All pictures are to be skipped; retype only the lines from the top of the entries through the line with "A chain $S_0", both included.

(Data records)
■ ■ ■

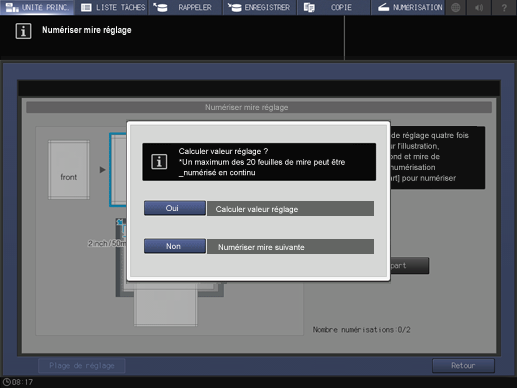 Pour terminer la mesure de la numérisation et calculer la valeur de réglage, appuyez sur Oui.
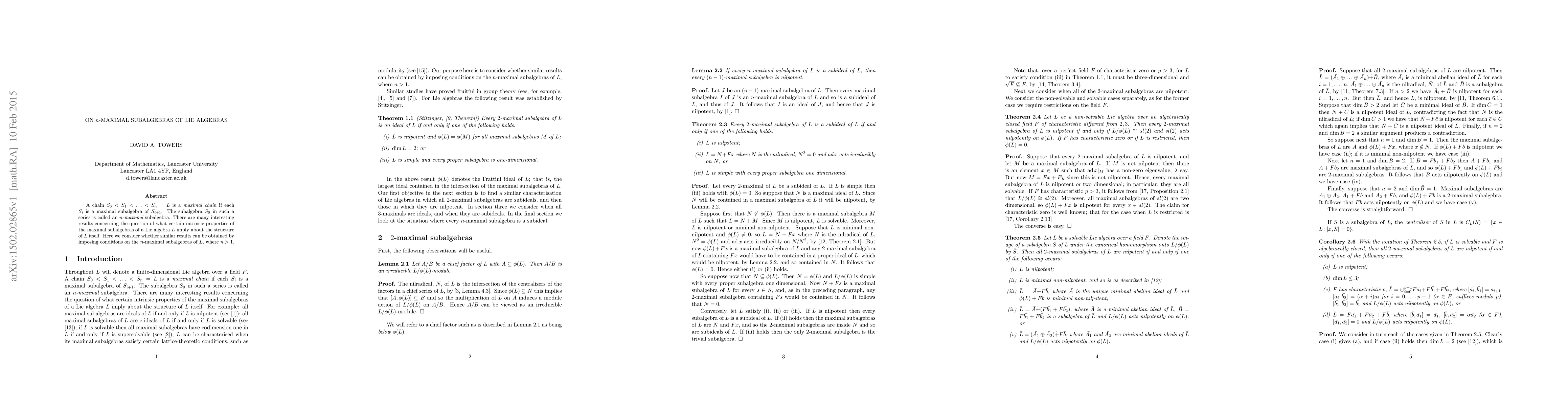 A chain $S_0 < S_1 < \ldots < S_n = L$ is a {\em maximal chain} if each $S_i$ is a maximal subalgebra of $S_{i+1}$. The subalgebra $S_0$ in such a series is called an {\em $n$-maximal} subalgebra. There are many interesting results concerning the question of what certain intrinsic properties of the maximal subalgebras of a Lie algebra $L$ imply about the structure of $L$ itself. Here we consider whether similar results can be obtained by imposing conditions on the $n$-maximal subalgebras of $L$, where $n>1$.
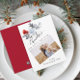 Espalhe alegria Nesta época de festas com este simples cartão de Natal elegante. apresenta letras desenhadas à mão "Feliciz Natal" minimalistas e elegantes e uma foto quadrada moderna com um enfeite de Natal vermelho floral aquarela. Fácil de personalizar com a foto da sua família e o nome. Veja o item correspondente na minha loja "DreamHut".
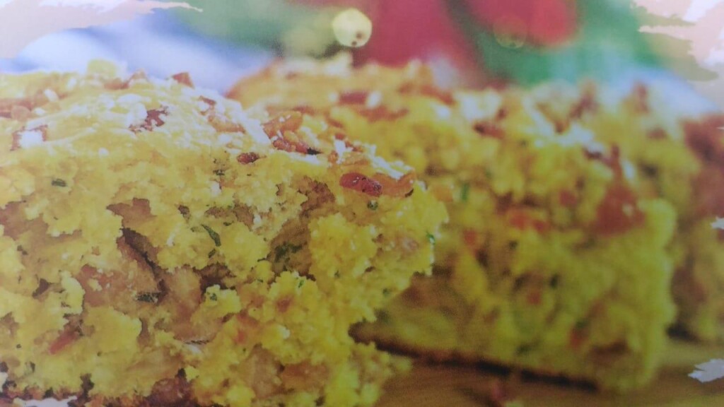 Misture o recheio a essa massa, coloque em uma forma untada e polvilhada com farinha, e finalize com o resto do coco ralado e o bacon frito.
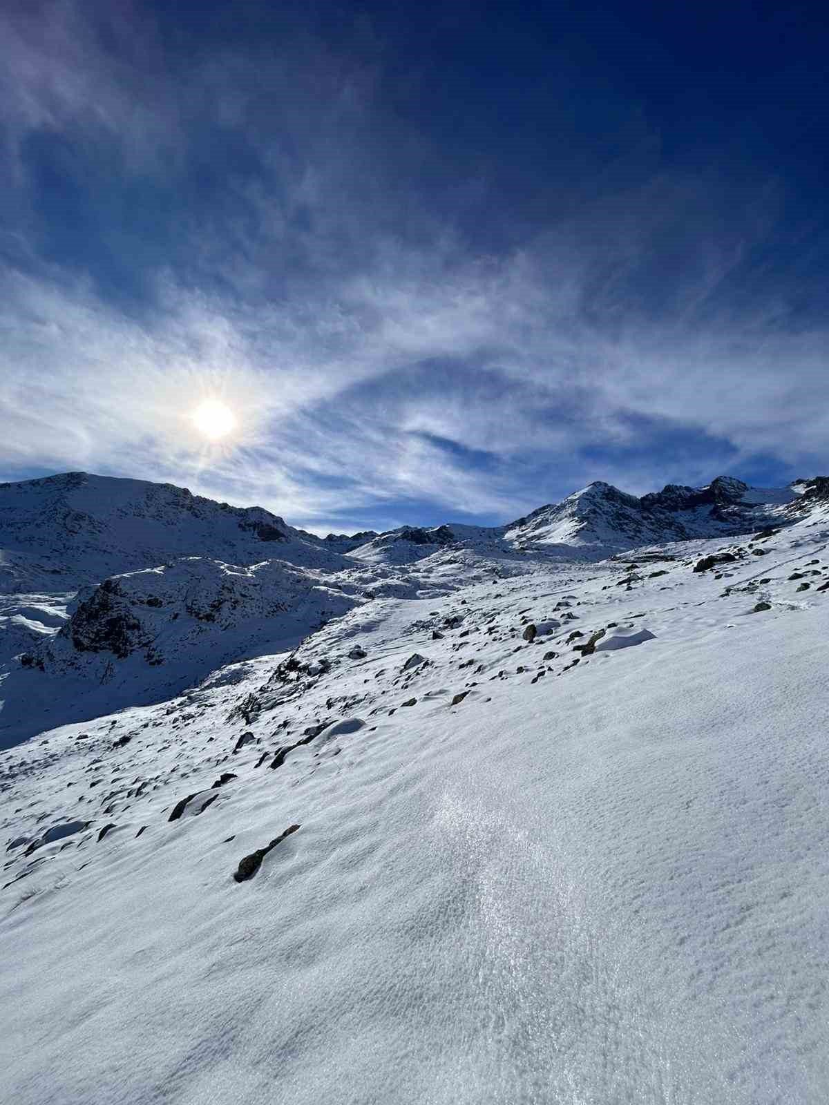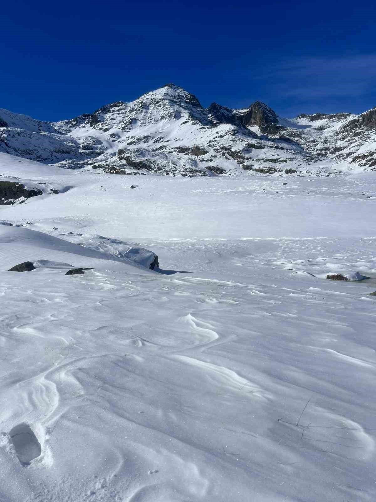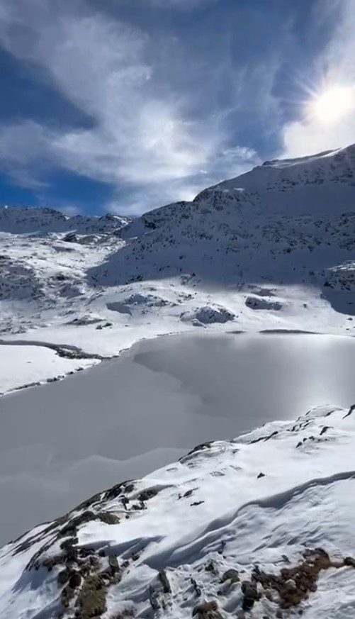 Bölgede kar yağışının başlamasıyla birlikte yolu kapanan tabiat parkına ulaşan 3 adrenalin tutkunu gezgin, karla kaplanan zirveleri ve donan gölleri görüntüleyerek doğanın kış güzelliğini kayıt altına aldı.
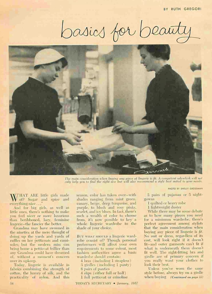 What did the mid-century working woman need to fulfil her lingerie wardrobe? According to this article that appeared in the January 1957 issue of Today’s Secretary magazine, a complete lingerie wardrobe consisted of the following:
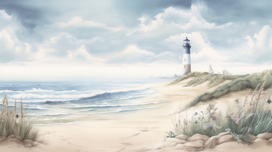 At the center, a lighthouse stands tall, echoing hope and guidance against the backdrop of a pristine sandy beach. As gentle waves lap against the shore, they weave a soothing narrative of calm and balance. The fresco unfolds this narrative in a realistic style with fluid, subtle brushstrokes, and a harmonious color palette of soft blues and gentle neutrals. The warmth of the scene is accentuated by the delicate golden glow, casting comforting shadows and highlights on the sand and water, making 'Saaremaa Lighthouse' an epitome of well-being.
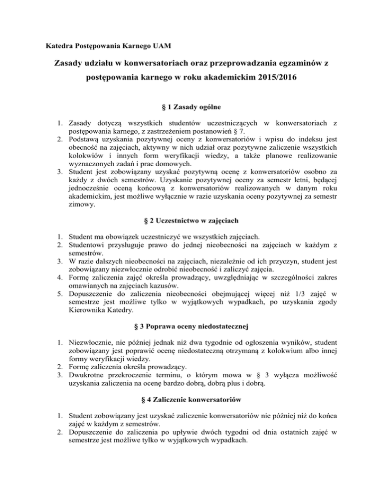 Katedra Postępowania Karnego UAM Zasady udziału w konwersatoriach oraz przeprowadzania egzaminów z postępowania karnego w roku akademickim 2015/2016 § 1 Zasady ogólne 1. Zasady dotyczą wszystkich studentów uczestniczących w konwersatoriach z postępowania karnego, z zastrzeżeniem postanowień § 7. 2. Podstawą uzyskania pozytywnej oceny z konwersatoriów i wpisu do indeksu jest obecność na zajęciach, aktywny w nich udział oraz pozytywne zaliczenie wszystkich kolokwiów i innych form weryfikacji wiedzy, a także planowe realizowanie wyznaczonych zadań i prac domowych. 3. Student jest zobowiązany uzyskać pozytywną ocenę z konwersatoriów osobno za każdy z dwóch semestrów. Uzyskanie pozytywnej oceny za semestr letni, będącej jednocześnie oceną końcową z konwersatoriów realizowanych w danym roku akademickim, jest możliwe wyłącznie w razie uzyskania oceny pozytywnej za semestr zimowy. § 2 Uczestnictwo w zajęciach 1. Student ma obowiązek uczestniczyć we wszystkich zajęciach. 2. Studentowi przysługuje prawo do jednej nieobecności na zajęciach w każdym z semestrów. 3. W razie dalszych nieobecności na zajęciach, niezależnie od ich przyczyn, student jest zobowiązany niezwłocznie odrobić nieobecność i zaliczyć zajęcia. 4. Formę zaliczenia zajęć określa prowadzący, uwzględniając w szczególności zakres omawianych na zajęciach kazusów. 5. Dopuszczenie do zaliczenia nieobecności obejmującej więcej niż 1/3 zajęć w semestrze jest możliwe tylko w wyjątkowych wypadkach, po uzyskania zgody Kierownika Katedry. § 3 Poprawa oceny niedostatecznej 1. Niezwłocznie, nie później jednak niż dwa tygodnie od ogłoszenia wyników, student zobowiązany jest poprawić ocenę niedostateczną otrzymaną z kolokwium albo innej formy weryfikacji wiedzy. 2. Formę zaliczenia określa prowadzący. 3. Dwukrotne przekroczenie terminu, o którym mowa w § 3 wyłącza możliwość uzyskania zaliczenia na ocenę bardzo dobrą, dobrą plus i dobrą. § 4 Zaliczenie konwersatoriów 1. Student zobowiązany jest uzyskać zaliczenie konwersatoriów nie później niż do końca zajęć w każdym z semestrów. 2. Dopuszczenie do zaliczenia po upływie dwóch tygodni od dnia ostatnich zajęć w semestrze jest możliwe tylko w wyjątkowych wypadkach. 3. Wpisu zaliczenia z konwersatoriów dokonuje prowadzący. W wyjątkowych wypadkach wpisu uzyskanego uprzednio zaliczenia dokonuje Kierownik Katedry Postępowania Karnego. 4. Prowadzący może udzielić przedterminowego zaliczenia konwersatoriów wyróżniającym się studentom, których udział w zajęciach, aktywność oraz uzyskane oceny uzasadniają otrzymanie oceny bardzo dobrej albo dobrej plus jeszcze przed zakończeniem zajęć. 5. W razie niewywiązania się przez studenta z obowiązków określonych w § 1-3 prowadzący odmawia zaliczenia zajęć. § 5 Dopuszczenie do egzaminu 1. Uzyskanie zaliczenia z konwersatoriów jest warunkiem dopuszczenia do egzaminu z postępowania karnego. 2. Brak zaliczenia jest równoznaczny z uzyskaniem z egzaminu oceny ndst p.a. § 6 Symulacja rozprawy sądowej 1. Studenci studiów stacjonarnych uczestniczą w przygotowaniu i realizacji symulacji rozprawy głównej w postępowaniu karnym przed sądem I instancji. 2. Symulacja rozprawy jest realizowana w semestrze letnim. 3. Przygotowanie symulacji odbywa się w ramach prac grup zajęciowych pod nadzorem prowadzącego zajęcia. 4. Realizacja symulacji ma charakter konkursowy i opiera się na rywalizacji pomiędzy grupami zajęciowymi. 5. Oceny przeprowadzonej symulacji na podstawie zapisu jej przebiegu oraz przygotowanych akt sprawy dokonuje Komisja Konkursowa powoływana przez Kierownika Katedry Postępowania Karnego. 6. Realizacja symulacji rozprawy odbywa się na podstawie jednego stanu faktycznego (kazusu) dla wszystkich grup zajęciowych, wyłonionego spośród propozycji przygotowanych przez studentów. 7. Każdy student uczestniczących w konwersatoriach z postępowania karnego ma prawo zgłoszenia własnej propozycji w terminie wyznaczonym przez prowadzącego zajęcia. Zgłoszenia dokonać może także grupa studentów licząca nie więcej niż pięć osób. 8. Stan faktyczny powinien umożliwiać aktywny udział w symulacji wszystkich członków grupy zajęciowej oraz wiązać się z koniecznością rozwiązania problemów o charakterze karnoprocesowym, a także zawierać dokładnie opisany czyn zabroniony kwalifikowany jako zbrodnia, okoliczności jego popełnienia (w tym czas, miejsce, sposób działania sprawcy), określać podział ról procesowych, uczestników postępowania (w tym nie więcej niż dwóch oskarżonych), oraz ich wstępne stanowiska w sprawie. 9. Wyboru stanu faktycznego dokonuje Komisja Konkursowa, o której mowa w ust. 4. 10. Kierownik Katedry Postępowania Karnego może w każdym roku akademickim przyznać nagrodę dla autora (autorów) zwycięskiego projektu oraz dla studentów, członków grupy zajęciowej, której symulacja zostanie oceniona najwyżej, w postaci możliwości rezygnacji z odpowiedzi na jedno z trzech pytań na egzaminie z postępowania karnego. Rezygnacja równoznaczna jest z udzieleniem odpowiedzi na to pytanie na ocenę bardzo dobrą. Kierownik Katedry Postępowania Karnego może przyznać dodatkowe wyróżnienia. § 7 Indywidualny tok studiów 1. Powyższe zasady obowiązują studentów objętych indywidualnym tokiem studiów w zakresie, w jakim nie są sprzeczne z decyzją właściwego organu w przedmiocie zgody na indywidualny tok studiów. 2. Student, który z mocy decyzji właściwego organu dołączył do grupy zajęciowej po rozpoczęciu semestru, jest zobowiązany do odrobienia wszystkich nieobecności oraz uzyskania ocen pozytywnych ze wszystkich zaległych kolokwiów i innych form sprawdzania wiedzy w terminie dwóch tygodni od dnia przypisania go do grupy zajęciowej. Przepis § 2 pkt 5 stosuje się odpowiednio. 3. Studenci objęci indywidualnym tokiem studiów mog

■ ■ ■

▸ **Task response**
 Pour terminer la mesure de la numérisation et calculer la valeur de réglage, appuyez sur Oui.
 A chain $S_0 < S_1 < \ldots < S_n = L$ is a {\em maximal chain} if each $S_i$ is a maximal subalgebra of $S_{i+1}$. The subalgebra $S_0$ in such a series is called an {\em $n$-maximal} subalgebra. There are many interesting results concerning the question of what certain intrinsic properties of the maximal subalgebras of a Lie algebra $L$ imply about the structure of $L$ itself. Here we consider whether similar results can be obtained by imposing conditions on the $n$-maximal subalgebras of $L$, where $n>1$.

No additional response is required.